Task brief: Exactly reproduce the lines of the listing below from the one containing "1、根据你的分数和个人情况,智能匹配适合" through the one containing "- Электр тозандатқыштың". Skip the images.

Data provided Start Marker

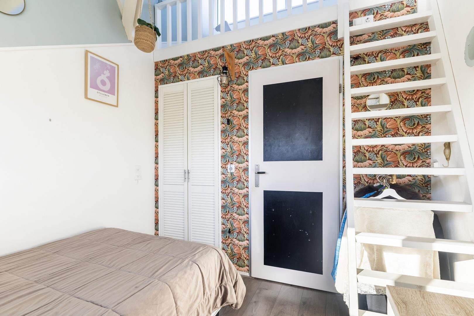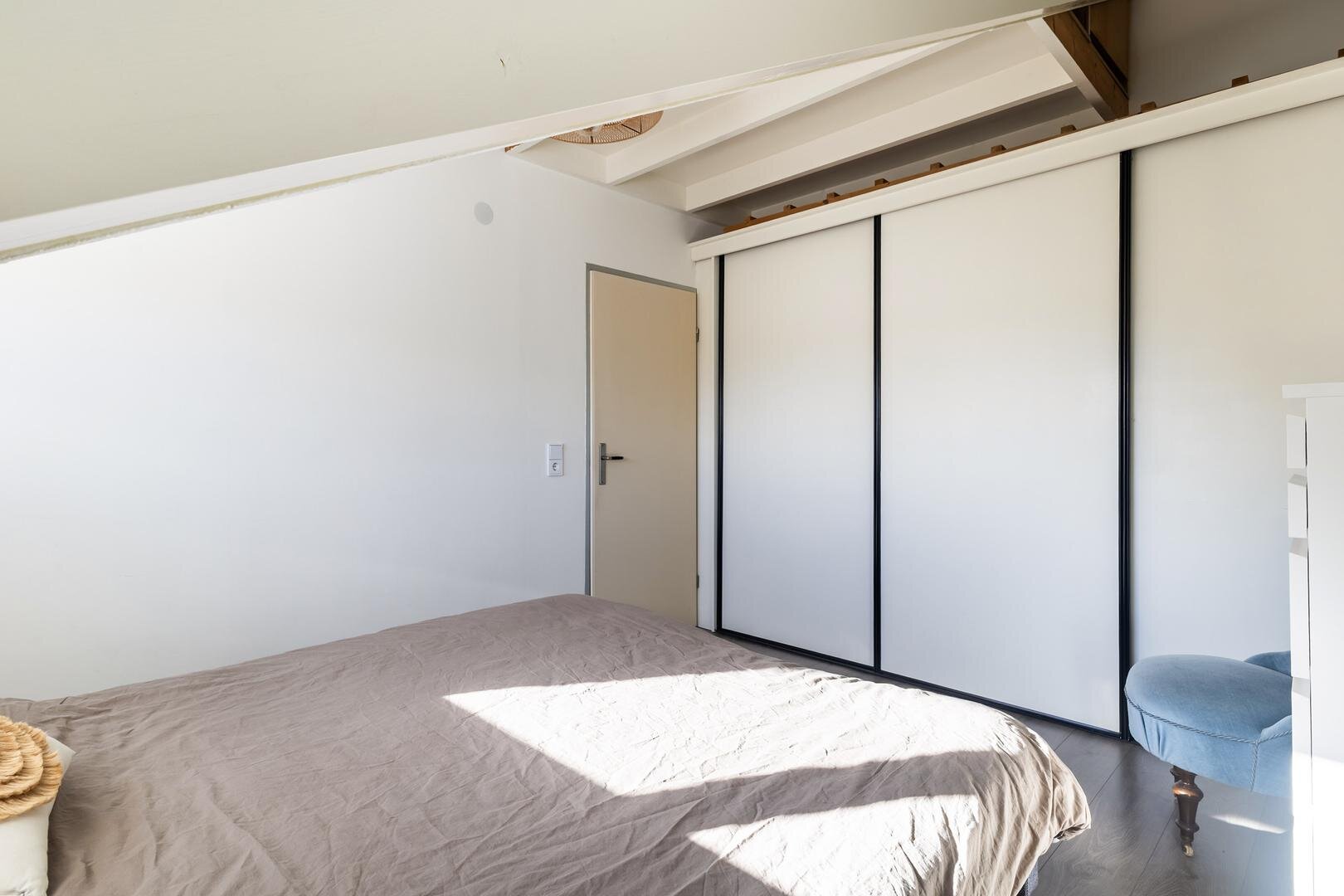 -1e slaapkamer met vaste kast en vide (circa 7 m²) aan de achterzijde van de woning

Data provided End Marker
Data provided Start Marker

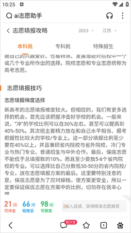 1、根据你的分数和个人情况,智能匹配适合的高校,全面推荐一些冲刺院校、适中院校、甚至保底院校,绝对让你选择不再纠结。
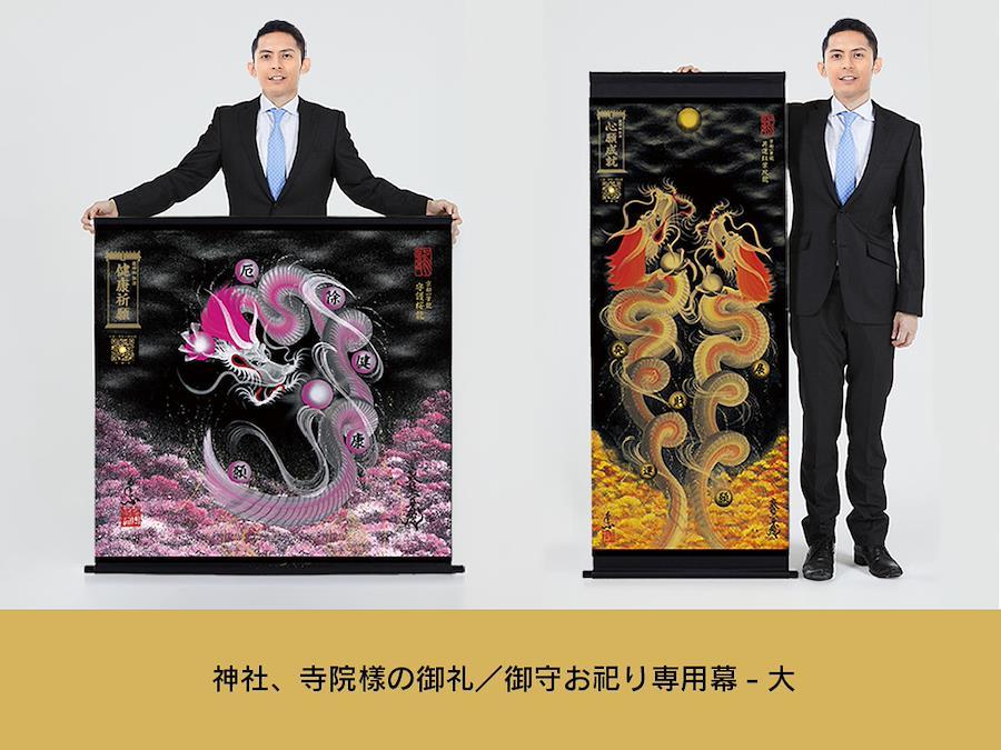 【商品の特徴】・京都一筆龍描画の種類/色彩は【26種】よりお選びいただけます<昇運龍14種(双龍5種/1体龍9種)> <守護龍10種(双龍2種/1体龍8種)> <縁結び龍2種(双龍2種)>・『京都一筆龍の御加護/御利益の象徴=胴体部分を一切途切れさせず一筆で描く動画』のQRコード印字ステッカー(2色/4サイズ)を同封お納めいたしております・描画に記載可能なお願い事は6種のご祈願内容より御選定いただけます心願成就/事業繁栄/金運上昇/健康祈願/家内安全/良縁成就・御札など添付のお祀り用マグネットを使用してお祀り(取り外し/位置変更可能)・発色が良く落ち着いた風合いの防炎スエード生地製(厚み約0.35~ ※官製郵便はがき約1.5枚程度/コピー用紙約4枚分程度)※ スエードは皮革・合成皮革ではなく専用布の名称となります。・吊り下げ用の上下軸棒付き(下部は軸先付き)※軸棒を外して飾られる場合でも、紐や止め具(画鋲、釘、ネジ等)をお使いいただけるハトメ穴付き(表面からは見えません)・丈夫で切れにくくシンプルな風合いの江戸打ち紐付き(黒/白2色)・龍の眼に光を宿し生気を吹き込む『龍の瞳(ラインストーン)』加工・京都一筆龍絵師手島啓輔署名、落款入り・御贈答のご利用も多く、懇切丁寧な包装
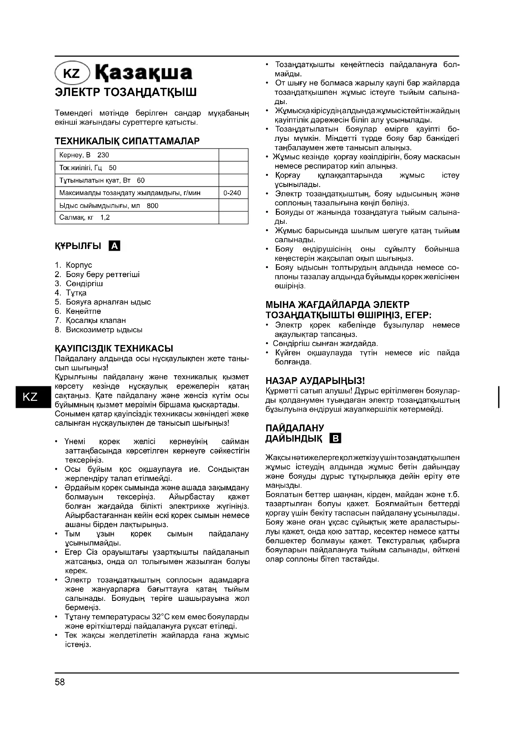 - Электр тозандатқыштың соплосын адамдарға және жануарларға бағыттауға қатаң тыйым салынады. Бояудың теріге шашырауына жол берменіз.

Data provided End Marker

Worked solution:
 1、根据你的分数和个人情况,智能匹配适合的高校,全面推荐一些冲刺院校、适中院校、甚至保底院校,绝对让你选择不再纠结。
 【商品の特徴】・京都一筆龍描画の種類/色彩は【26種】よりお選びいただけます<昇運龍14種(双龍5種/1体龍9種)> <守護龍10種(双龍2種/1体龍8種)> <縁結び龍2種(双龍2種)>・『京都一筆龍の御加護/御利益の象徴=胴体部分を一切途切れさせず一筆で描く動画』のQRコード印字ステッカー(2色/4サイズ)を同封お納めいたしております・描画に記載可能なお願い事は6種のご祈願内容より御選定いただけます心願成就/事業繁栄/金運上昇/健康祈願/家内安全/良縁成就・御札など添付のお祀り用マグネットを使用してお祀り(取り外し/位置変更可能)・発色が良く落ち着いた風合いの防炎スエード生地製(厚み約0.35~ ※官製郵便はがき約1.5枚程度/コピー用紙約4枚分程度)※ スエードは皮革・合成皮革ではなく専用布の名称となります。・吊り下げ用の上下軸棒付き(下部は軸先付き)※軸棒を外して飾られる場合でも、紐や止め具(画鋲、釘、ネジ等)をお使いいただけるハトメ穴付き(表面からは見えません)・丈夫で切れにくくシンプルな風合いの江戸打ち紐付き(黒/白2色)・龍の眼に光を宿し生気を吹き込む『龍の瞳(ラインストーン)』加工・京都一筆龍絵師手島啓輔署名、落款入り・御贈答のご利用も多く、懇切丁寧な包装
 - Электр тозандатқыштың соплосын адамдарға және жануарларға бағыттауға қатаң тыйым салынады. Бояудың теріге шашырауына жол берменіз.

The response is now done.